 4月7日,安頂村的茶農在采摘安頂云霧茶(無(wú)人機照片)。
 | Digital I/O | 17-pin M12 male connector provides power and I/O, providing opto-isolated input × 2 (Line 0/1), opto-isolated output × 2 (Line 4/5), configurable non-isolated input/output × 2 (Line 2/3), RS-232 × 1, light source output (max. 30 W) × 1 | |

*****

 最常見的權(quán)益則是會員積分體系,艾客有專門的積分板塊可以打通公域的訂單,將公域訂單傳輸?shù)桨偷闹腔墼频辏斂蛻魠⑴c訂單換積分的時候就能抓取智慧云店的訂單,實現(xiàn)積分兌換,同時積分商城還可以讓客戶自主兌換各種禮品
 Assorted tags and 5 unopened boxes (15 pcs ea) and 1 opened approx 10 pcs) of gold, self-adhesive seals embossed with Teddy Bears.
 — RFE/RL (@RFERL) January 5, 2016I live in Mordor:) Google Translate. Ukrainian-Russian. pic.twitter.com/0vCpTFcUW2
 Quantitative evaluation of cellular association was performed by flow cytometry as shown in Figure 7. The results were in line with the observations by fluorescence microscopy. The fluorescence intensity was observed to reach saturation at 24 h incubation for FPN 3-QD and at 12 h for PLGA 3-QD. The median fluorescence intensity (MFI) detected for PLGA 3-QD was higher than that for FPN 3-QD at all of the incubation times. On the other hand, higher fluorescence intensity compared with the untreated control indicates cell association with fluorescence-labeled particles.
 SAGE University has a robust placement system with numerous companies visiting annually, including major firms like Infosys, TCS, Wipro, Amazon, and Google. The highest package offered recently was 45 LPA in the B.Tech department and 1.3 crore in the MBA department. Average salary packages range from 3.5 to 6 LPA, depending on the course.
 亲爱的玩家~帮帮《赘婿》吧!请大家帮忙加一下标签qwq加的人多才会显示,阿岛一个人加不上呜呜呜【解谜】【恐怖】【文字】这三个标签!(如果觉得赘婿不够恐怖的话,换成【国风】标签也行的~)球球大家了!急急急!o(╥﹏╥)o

*****

§ **What the task asks**
Of the entries above, repeat exactly the lines from the line with "4月7日,安頂村的茶農在采摘安頂云霧茶(無(wú)人機照片)。" through the line with "(max. 30 W) × 1 | |", both of them included.

§ **Finished task**
 4月7日,安頂村的茶農在采摘安頂云霧茶(無(wú)人機照片)。
 | Digital I/O | 17-pin M12 male connector provides power and I/O, providing opto-isolated input × 2 (Line 0/1), opto-isolated output × 2 (Line 4/5), configurable non-isolated input/output × 2 (Line 2/3), RS-232 × 1, light source output (max. 30 W) × 1 | |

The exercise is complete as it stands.